English singer and actress

Susanna Hunt (a.k.a. Susan Hunt, Sue Tacker) is an English pop singer, actress and model. She gained fame in the late 1960s and early 1970s.

== Early life ==
She was born in Brenchley, Kent, England, in a farming community family, and then lived in Sedlescombe, Sussex.

She later moved to London and signed up with the Cherry Marshall Model Agency, where she learned to sing, hoping to move into acting.

== Career ==
In the 1967 documentary of the atmosphere in London of the time, Tonite Let's All Make Love in London, Susanna Hunt made an impression as a dolly girl describing her phenomenon as such and the scene, on a summer's day sitting in a circulating fairground ride.
She was an original member of the cast of Peter Coe's Decameron '73, which made an impact in 1973 in the UK for its free expression of nude form.

Her major contribution to theatre was her three years in Let My People Come.
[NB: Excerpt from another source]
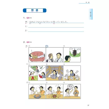 《大家的日本語》中級系列各課結構包含「單字」、「文法與練習」外,另增加「聽與說」、「讀與寫」單元,持續培養您全方位日語運用能力!
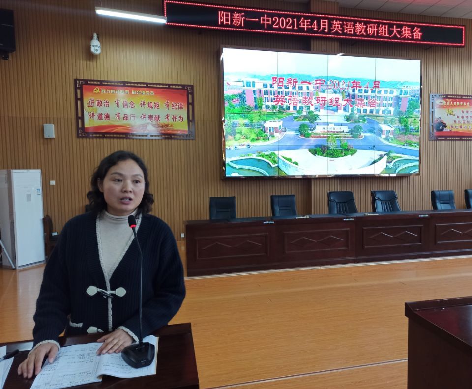 3月27日下午2点,阳新一中2021年4月英语教研组大集备活动在明道楼报告厅召开。阳新一中蹲点副校长柯美宝,阳新一中全体英语教师参加此次活动,阳新一中英语教研组长余艳主持。

The production was nominated for a Grammy Award in 1975 for Best Original Cast Album.

==Film ==
- Casino Royale (1967) - Hunt played one of the "Bond Girls" in a short sequence where she tries to seduce agent Terence Cooper who is training to resist the temptation of women counter agents from "SMERSH". She appears as "Lorely", wearing a white bikini and walks up to and gives agent Terrance a sultry kiss to test his reaction. He responds that he's trained to resist her charm and then judo tackles her to the ground.

- The Looking Glass War (1970) - She plays a short scene in a cafe, with a girlfriend, where the lead character Leise indicates his interest in passing some time with them. His controller, Haldane, quietly counsels, "There'll be no time for that, I'm afraid."
- The British TV series, Special Branch (1974), featured her in a couple of episodes where she had a small part as Craven's secretary.
- She played in the British TV series Hugh and I.

==Musical career==
Susanna was a pop singer known under the stage name of Geneveve, in 1966 releasing the songs, "Just a Whisper", "Summer Days", "Nothing in the World", and "Once" plus in 1967, "That Can't Be Bad" and "I Love Him, I Need Him".
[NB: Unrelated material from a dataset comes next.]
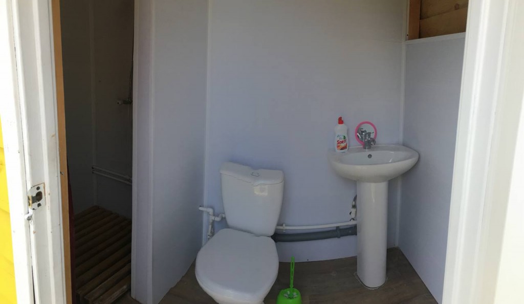В домике - электричество, холодильник, чайник, собственный туалет и горячий душ. Рядом установлен мангал.

Her songs got airplay on English radio stations, as well as pirate stations Radio London (three timesin the Fab 40) and Radio 270.

== Personal life ==
She married musician Ronnie Lane, and was a part of The Faces musical entourage.

She appeared in the 2006 documentary film, The Passing Show, where she speaks about Lane and "The Faces". She resides in Walnut Creek, California, United States.